_Task data:_
┄┄┄┄┄┄┄┄┄┄┄┄┄┄┄┄┄┄┄┄

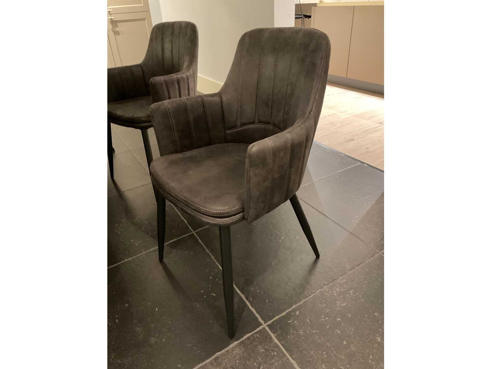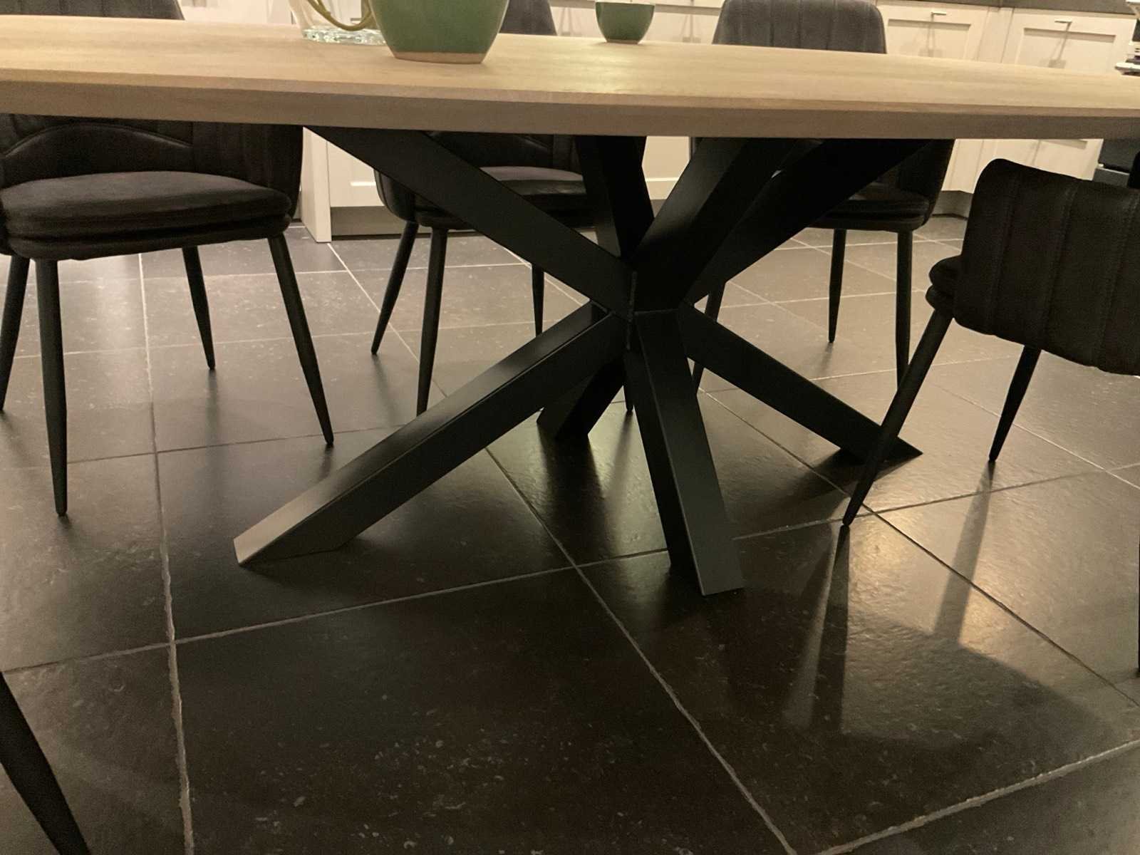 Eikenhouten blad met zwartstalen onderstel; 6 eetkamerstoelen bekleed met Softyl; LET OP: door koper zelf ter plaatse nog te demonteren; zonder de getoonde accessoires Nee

┄┄┄┄┄┄┄┄┄┄┄┄┄┄┄┄┄┄┄┄

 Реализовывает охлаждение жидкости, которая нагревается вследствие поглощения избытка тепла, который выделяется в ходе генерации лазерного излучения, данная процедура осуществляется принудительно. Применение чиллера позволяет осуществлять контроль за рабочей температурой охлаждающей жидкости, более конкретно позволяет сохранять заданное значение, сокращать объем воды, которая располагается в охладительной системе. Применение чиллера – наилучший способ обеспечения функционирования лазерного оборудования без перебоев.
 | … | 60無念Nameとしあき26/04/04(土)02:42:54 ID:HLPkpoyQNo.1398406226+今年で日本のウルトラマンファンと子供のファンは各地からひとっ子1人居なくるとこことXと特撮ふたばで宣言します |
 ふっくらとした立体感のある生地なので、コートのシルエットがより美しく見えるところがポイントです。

┄┄┄┄┄┄┄┄┄┄┄┄┄┄┄┄┄┄┄┄

_Activity:_ In the listing above, transcribe exactly everything from the line containing "Реализовывает охлаждение жидкости, которая" down to the line containing "ふっくらとした立体感のある生", including both and nothing more.

_Finished exercise:_
 Реализовывает охлаждение жидкости, которая нагревается вследствие поглощения избытка тепла, который выделяется в ходе генерации лазерного излучения, данная процедура осуществляется принудительно. Применение чиллера позволяет осуществлять контроль за рабочей температурой охлаждающей жидкости, более конкретно позволяет сохранять заданное значение, сокращать объем воды, которая располагается в охладительной системе. Применение чиллера – наилучший способ обеспечения функционирования лазерного оборудования без перебоев.
 | … | 60無念Nameとしあき26/04/04(土)02:42:54 ID:HLPkpoyQNo.1398406226+今年で日本のウルトラマンファンと子供のファンは各地からひとっ子1人居なくるとこことXと特撮ふたばで宣言します |
 ふっくらとした立体感のある生地なので、コートのシルエットがより美しく見えるところがポイントです。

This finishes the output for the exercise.